Optimizing pre-silicon software development - Embedded.com

Optimizing pre-silicon software development

In today’s fast-moving technology era, the most common approach for handling the needs of the market is a system-on-chip (SoC). An SoC is basically a processor surrounded by function accelerators and lots of I/O for the associated peripherals it supports. Since the mobile data revolution in 2002, it has become a prerequisite to use SoCs to facilitate the key features that define a smartphone. In the same way, SoCs have since become the go-to device for creating “smart” consumer products like TVs, cars, and the ever expanding Internet-of-Things (IoT) market.

The growing demand for SoCs has created a highly competitive market. Because of this, SoCs are getting more complex, the peripherals in the SoCs are continuously evolving, and the time to market is shrinking. A crucial component to match the complexities of SoC development is the availability of software. There is little room for mistakes, and software must be ready as soon as possible. To meet this challenge, software development must be initiated before the availability of the SoC part.

SoC software development

Traditionally, software development would begin after the first silicon sample arrived from manufacturing. When SoC samples arrived, software and validation teams would start their development activities, and a big SoC bring-up effort would kick off. Teams working on the SoC would converge from around the globe to be under one roof for a limited amount of time to support the SoC bring-up.

Software development generally took months after the first sample arrived before it was ready for production. Meanwhile, silicon validation would complete, which would give a limited amount of confidence to initiate mass production for the associated products.

Due to the increasing complexity in the SoC design, however, what normally would take months of software development could now stretch into years before software was ready for production. The increasing number of supported peripherals and evolution of those peripherals also created gaps in subject matter expertise. Software teams would be required to fill in those particular gaps by resourcing new developers with expertise in those domains (audio, video, USB, Ethernet, etc).

To be able to deliver production ready software early in the project, software development can’t wait until the first sample of silicon is available. A shift-left approach needs to be taken where software development starts as early as possible and, even better, at the same time as the SoC hardware design begins. Pre-silicon software development may also help identify SoC implementation bugs and potentially reduce the cost of metal fix or full mask tapeouts. Several methodologies are considered to meet these requirements.

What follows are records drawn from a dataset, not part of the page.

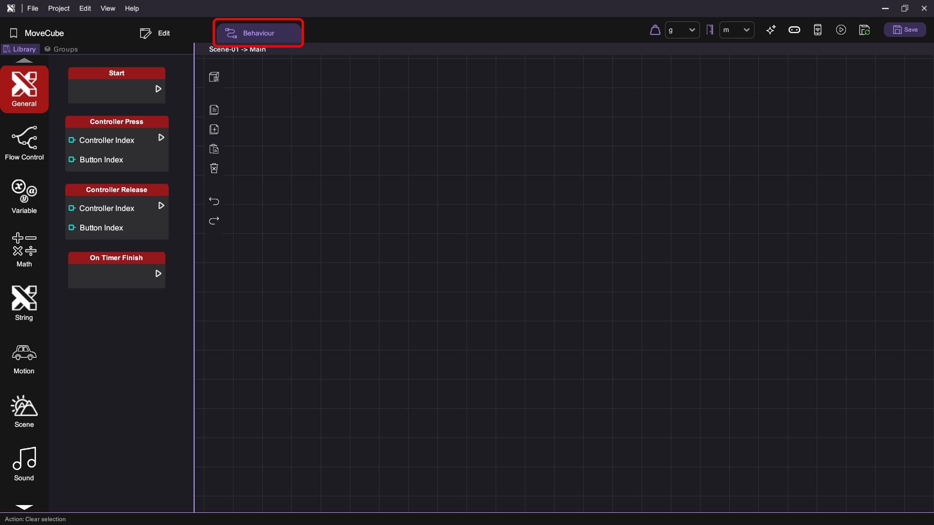 - Open a XRCC project and go to behaviour Panel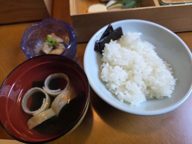小鉢セットとお吸い物、ご飯。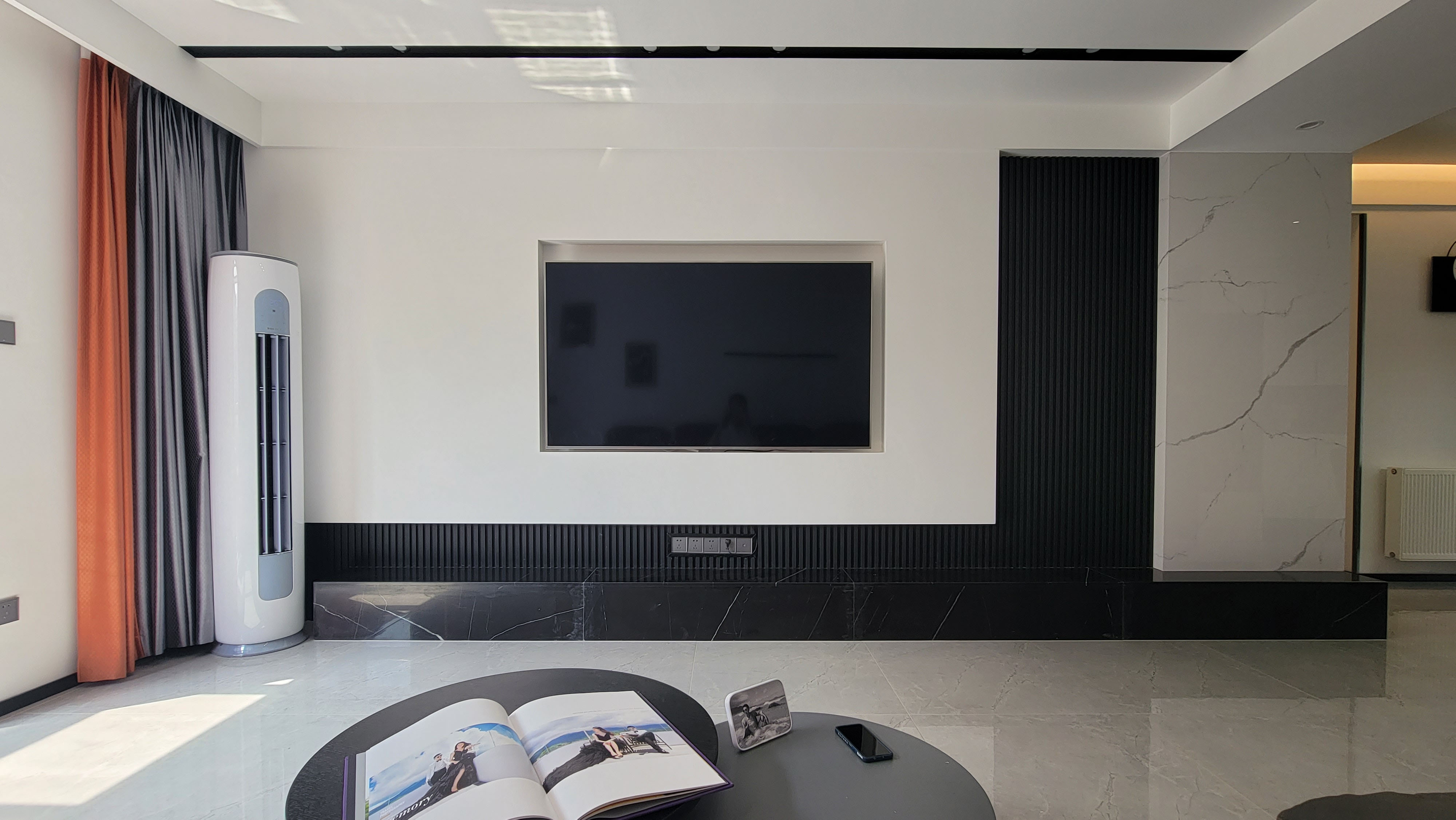 客廳的設(shè)計以現(xiàn)代主義風(fēng)格為基礎(chǔ),巧妙地運用了高低錯落的小圓形茶幾,打破了傳統(tǒng)的沉悶感。電視背景墻的黑白配色搭配石紋理裝飾,使得空間既具有視覺沖擊力,又不失優(yōu)雅和格調(diào)。隔板設(shè)計巧妙地劃分了空間,同時又不會讓整個客廳顯得擁擠。超大的落地窗讓陽光毫不吝嗇地灑進室內(nèi),灰色的地磚與自然光的交織,增添了溫暖的氛圍。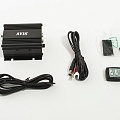 Усилитель воспроизводит музыкальные файлы с телефона или MP3-плеера по Bluetooth или через разъем MiniJack (3.5 мм). Максимальная мощность 2Х25Вт (4 Ом). Интерфейсы: Bluetooth, 1xAUX IN, 1xAudio out (для подключения динамиков).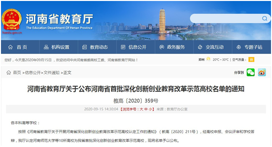 9月15日,河南省教育厅发布《关于公布河南省首批深化创新创业教育改革示范高校名单的通知》(教高〔2020〕359号),永利官网荣获“首批深化创新创业教育改革示范高校”。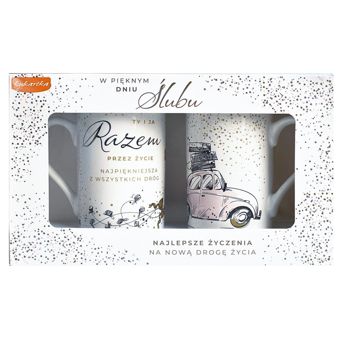 Zestaw dwóch ceramicznych kubków w kolorze białym, ozdobionych złotymi groszkami, ślubnym autem oraz napisem "Ty i Ja razem przez życie najpiękniejsza z wszystkich dróg" idealnie się sprawdzi jako ślubny prezent!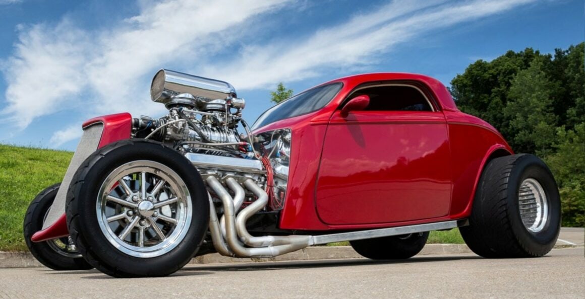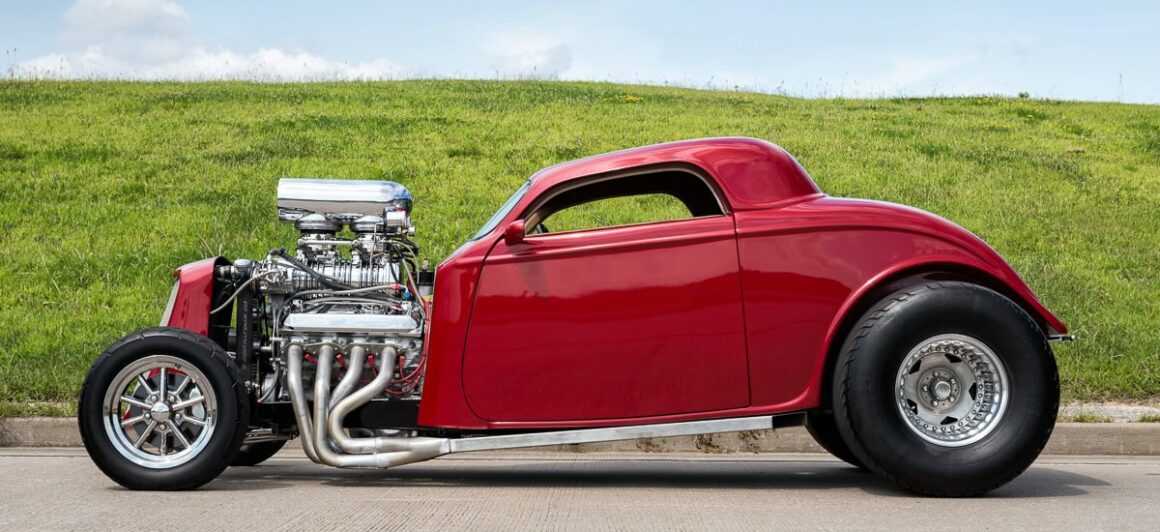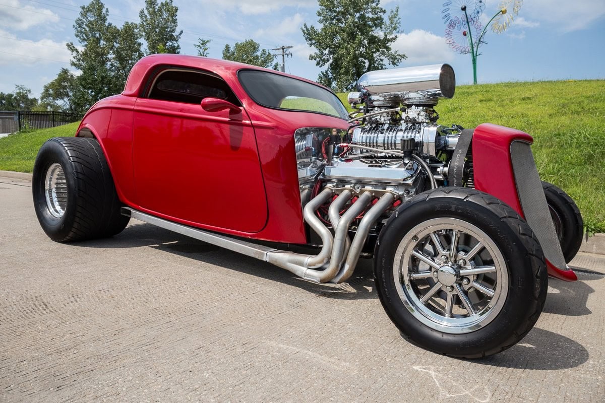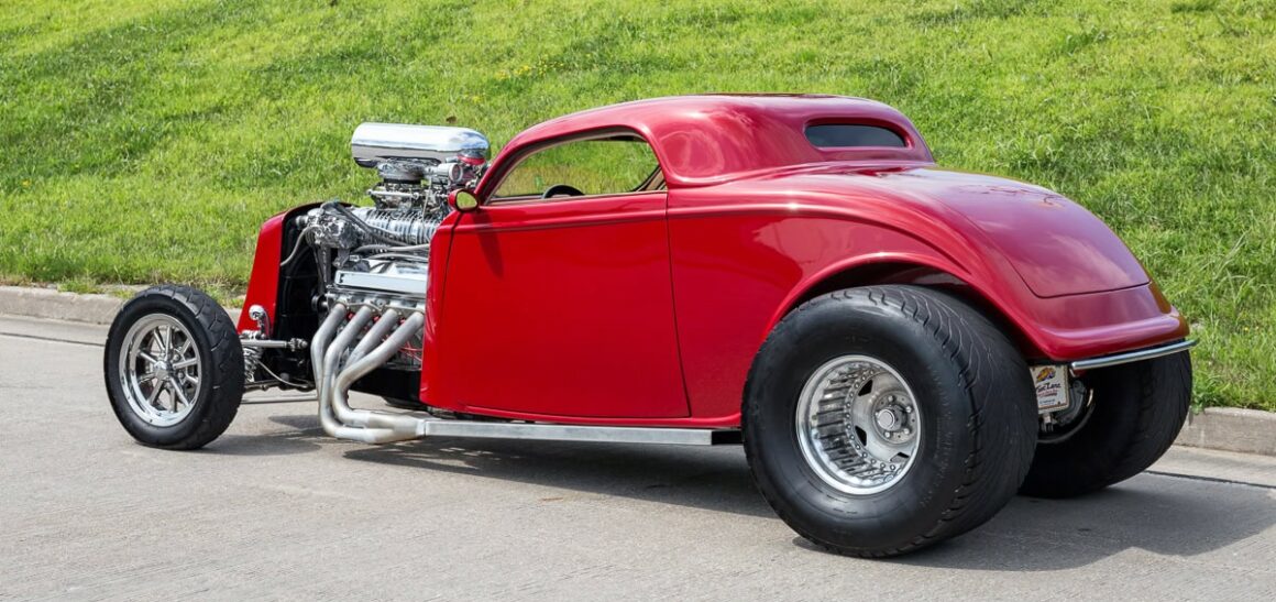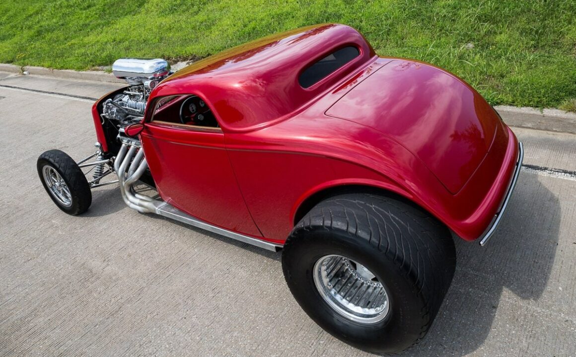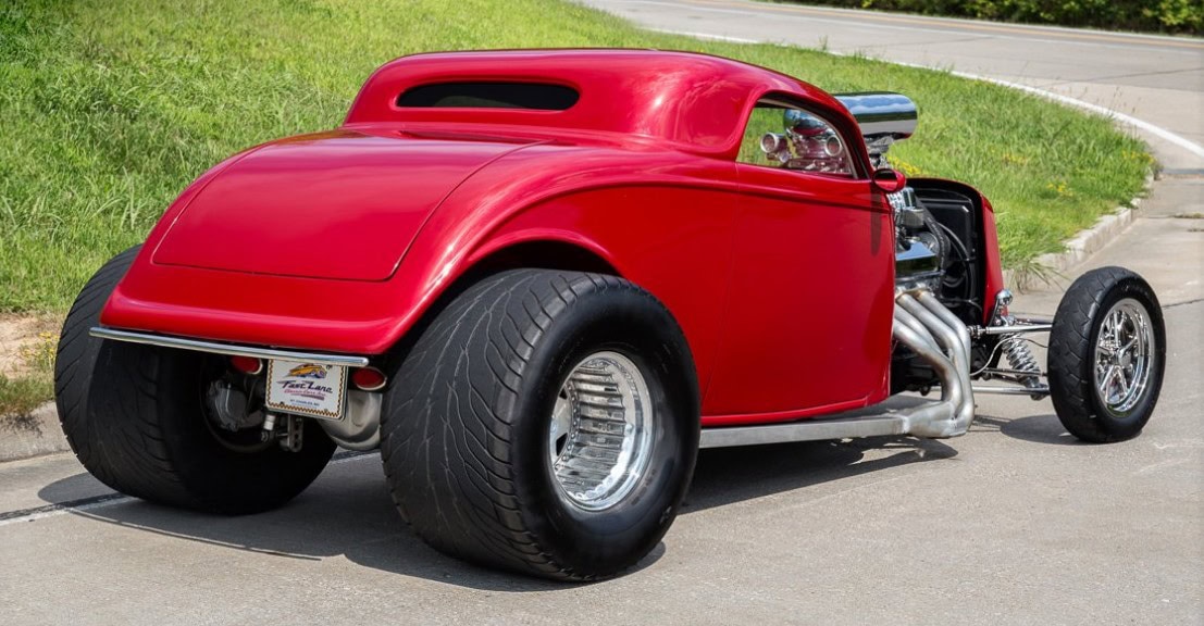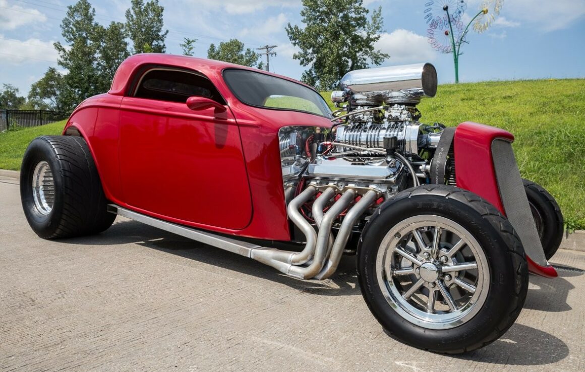 Voici une notice explicative de ce qu’est le Hot Rod qui est présenté dans cet article déjanté… Je le laisse en patois Yankee pour rester dans le style local… This 1933 Ford 3 Window Coupe has a 462 C.I. Supercharged Big Block V8, Dual Edelbrock 4BBL Carburetors, Tremec 6 Speed Manual Transmission, Rat’s Glass Body, Rear End has been Tubbed 6”, Ford 9” Rear w/ 3.00:1 Ratio, B & M Polished Blower, Air Conditioning, Electric Trunk & Windows…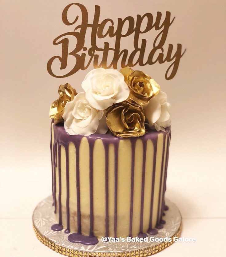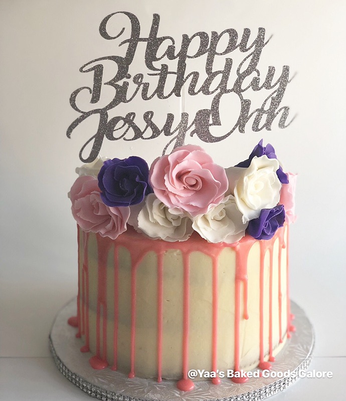 8″ drip cake w/ fondant flowers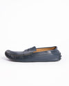 Tod's penny loafers are a classic and versatile shoe for the modern man. Crafted from soft, dark blue pebbled leather, they offer a durable yet luxurious texture. The traditional penny loafer silhouette is defined by a classic penny strap across the vamp, and the shoes are finished with a comfortable rubber sole for everyday wear.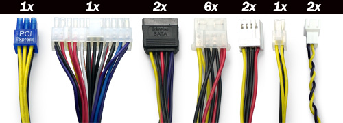 Jak widać na fotografii ze strony producenta, powinniśmy dostać jedno łącze PCIexpres 6 pin dla zasilania kart graficznych. Tymczasem w nadesłanym do nas egzemplarzu nie ma w zestawie okablowania tej końcówki !!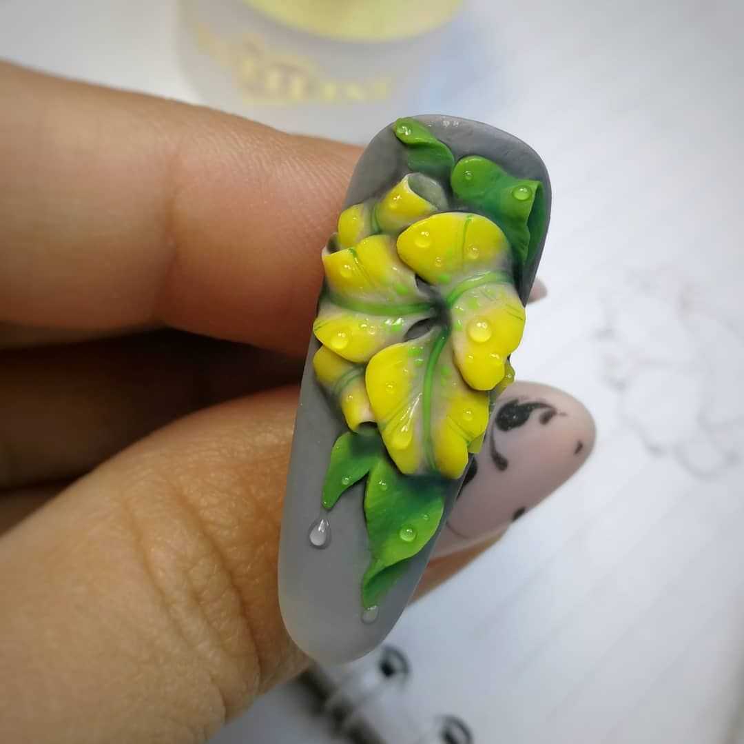 Используйте для дизайна крупные цветы, например, лилии, розы, орхидеи. Дополните маникюр каплями прозрачного топа, имитирующие росу или капли дождя

Pre-silicon development approaches

To start software development before SoC tapeout, developers can use a few approaches such as software prototyping, RTL testbench, FPGA boards, hardware emulators, etc. Since these approaches typically focus on individual modules, each of these approaches has its own challenges since the objective is to develop software for bringup of the whole SOC rather than individual modules. If we break the problem into smaller modules, the first thing needed before driver development can begin is knowledge of each processor, accelerator or peripheral under development.

System C models

C behavioral models can be built for each IP of the SoC, and standalone software drivers can be tested on these behavioral models. But this approach has a couple of problems. First, there is a huge software effort required, which means a large software team or a dedicated model team is needed to support implementation of the model itself. Hence the development of models would not be cost effective. Second, the accuracy of the behavioral models depends on the interpretation of the developer. Any communication gaps between the IP design owner and the model developer can result in inaccurate behavior. This results in a lot of wasted effort to fix issues associated with the misinterpretation of the design.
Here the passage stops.